第22話 ミージュの話⑫
メルリー王国で、ミージュが違和感に気づいたのは、負傷者のための薬草を採取していた時だった。
水不足も解消され、この国は順調に進み続けている。それにも関わらず、薬草の量は以前ほど取れずにいた。
この国自体も、まだ回復できていないのかもしれない。
ミージュはそう思った。
また何かが起こるかもしれないという、底知れぬ恐怖があった。その思いは、他の人たちにもあるのかもしれなかった。
空から何かが来るかもしれないし、また落とし穴があるかもしれない。家主が戦いによって怪我をしている家庭では、家族が代わりに働きに出ていかなければならない。もちろん、ファイランたちがそれはフォローしてはいるのだけれど、漠然とした不安は拭えなかった。
ミージュは薬草のことを、誰かに話そうかと思った。だけど採取できる量の元の基準値があるわけでもない。
「気温の問題かな? それか、ここ最近の水不足の影響?」
ミージュは父にそう尋ねた。
「確かに、いつもなら生えてくる植物が、ここ最近はその勢いがない。何か原因があるかもしれない」
朝食をとりながら、ミージュの父は答えた。
食卓には、ガーデンでとれる「ハクマイ」という植物が並んでいる。ハクマイと言っても、白い米ではなく、歯ごたえと水分のある肉厚の葉っぱのようなもので、この国の主食だ。食事は極めて質素に見えるかもしれない。この国では、食料がそんなに多く採れるわけでは無いので、それに対応した体になっているのだ。

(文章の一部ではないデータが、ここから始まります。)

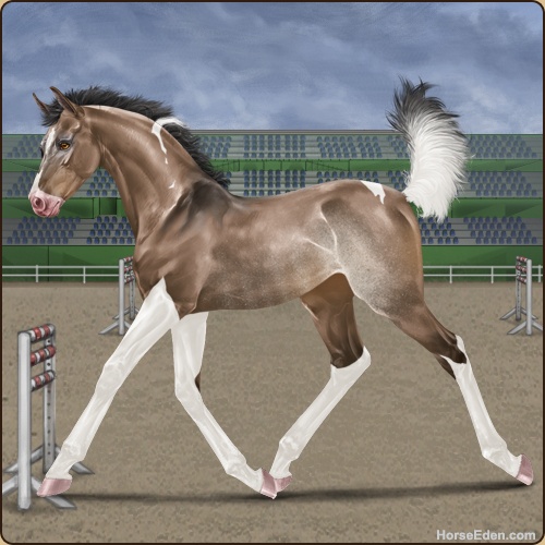 Color: Brown Dun Tobiano Splash White Rabicano

ミージュたちは朝食を終え、日課の水やりをした後、植物の観察に向かった。
ミージュが街を歩いていると、住人のケリエンに声をかけられた。
「うちの植物が元気ないみたいで、診に来てもらえない?」
ケリエンは、ミージュの母と仲が良く、家族ぐるみで付き合いがある。ケリエンには息子が一人いて、名前はシレネという。彼はミージュの二つ年下だけど、しっかりしていて、伝達係という仕事をしている。伝達係は、主に国王などから国中にお知らせを伝えたり、手紙を届けたりする仕事だ。シレネは足が速く、国中を素早く駆け回る。
ケリエンの家は、植物の蔦で作られた簡素な造りではあるものの、辺りには綺麗な黄色い花が入り口を中心にいくつも咲いていて、道行く人の視線を止める。

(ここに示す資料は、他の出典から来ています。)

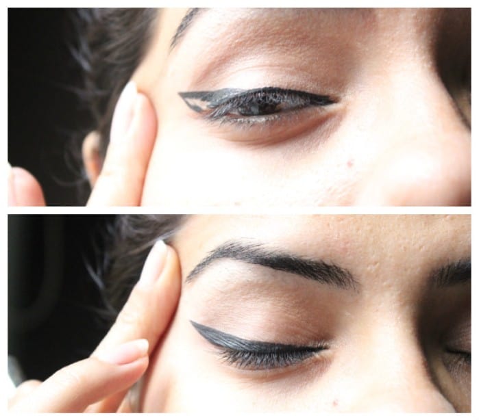 While applying the liner on the end side of the eyes, do not dip the brush or liner again in the pot. It can enlarge the chances of odd shape more.

ケリエンの家の、シンボルとも言える黄色い花、この国ではイエロークレスと呼ばれているその花は、毎日のように花をつける樹勢も旺盛な植物だ。
けれどその黄色い花が、今日見るとまばらで、花に勢いがない。いつもなら一面に花が咲いているというのに、奇妙だ。
ミージュは原因を探した。
水枯れを起こしているわけでは無い。葉の状態は普通。虫や病気などが起きている気配はない。今いるエリアの外気温が特別高い、低いということもない。だとしたら、根に何か異常でも起きているのだろうか。

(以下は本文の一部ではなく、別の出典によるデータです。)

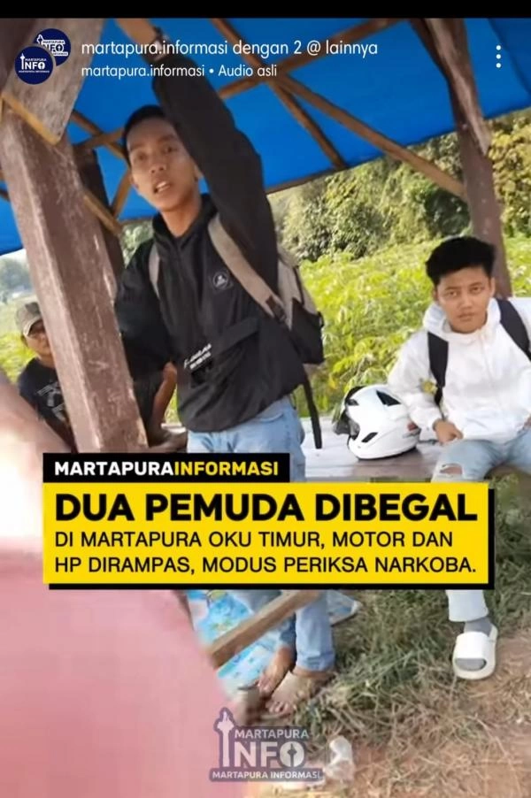 OKU Timur, - Dua pemuda asal Baturaja, Kabupaten Ogan Komering Ulu (OKU), menjadi korban begal di Martapura, OKU Timur. Pelaku menggunakan modus pura-pura memeriksa narkoba dan barang bawaan korban sebelum merampas motor dan handphone (HP).

ミージュは地面をしっかりと観察する。地面と言っても、植物同士が絡まり合っていて、土の部分などほとんどない。それは元々そうなので構わないのだけど。
「ここ最近、何かこの辺りで工事とか、根に支障が出そうなことってあった?」
ミージュはケリエンに尋ねる。
「無いと思うわ」
ミージュは地面の様子を見る。他の植物が影響している可能性も考えられたが、以前来た時とそれほど変わっているようには見えなかった。イエロークレスそのものが、急速に弱っているようには見えない。
「今見た限りだと、特に悪いところはないと思う。ここ最近、水枯れもあったし、それが影響しているのかも」
そう説明して、ミージュは考える。
表立った原因はない。
だけど何だか違和感だ。
薬草がいつものように取れないこと、イエロークレスの謎の不調。何かが繋がっている気がした。
レモヒラならわかるだろうか?
ミージュはそう考え、レモヒラのところへ向かうことにした。
ケリエンの家を離れ、階段を下りていると、シレネがやって来た。
細く、すらりとしたシレネは、淡い黄緑色の髪をしていてわかりやすい。
「こんにちは、シレネ。今、君の家のイエロークレスを診てきたところなんだ」
「そうですか。ところで、この先に向かいます?」
「そのつもりだけど」
「やめておいた方が良いですよ」
「え?」
不思議そうにするミージュに、シレネは言う。
「レモヒラに罪状が出て、今この先はだいぶざわついているので」
「罪状?」
一体何があったのだろう?
ミージュは驚きを隠せなかった。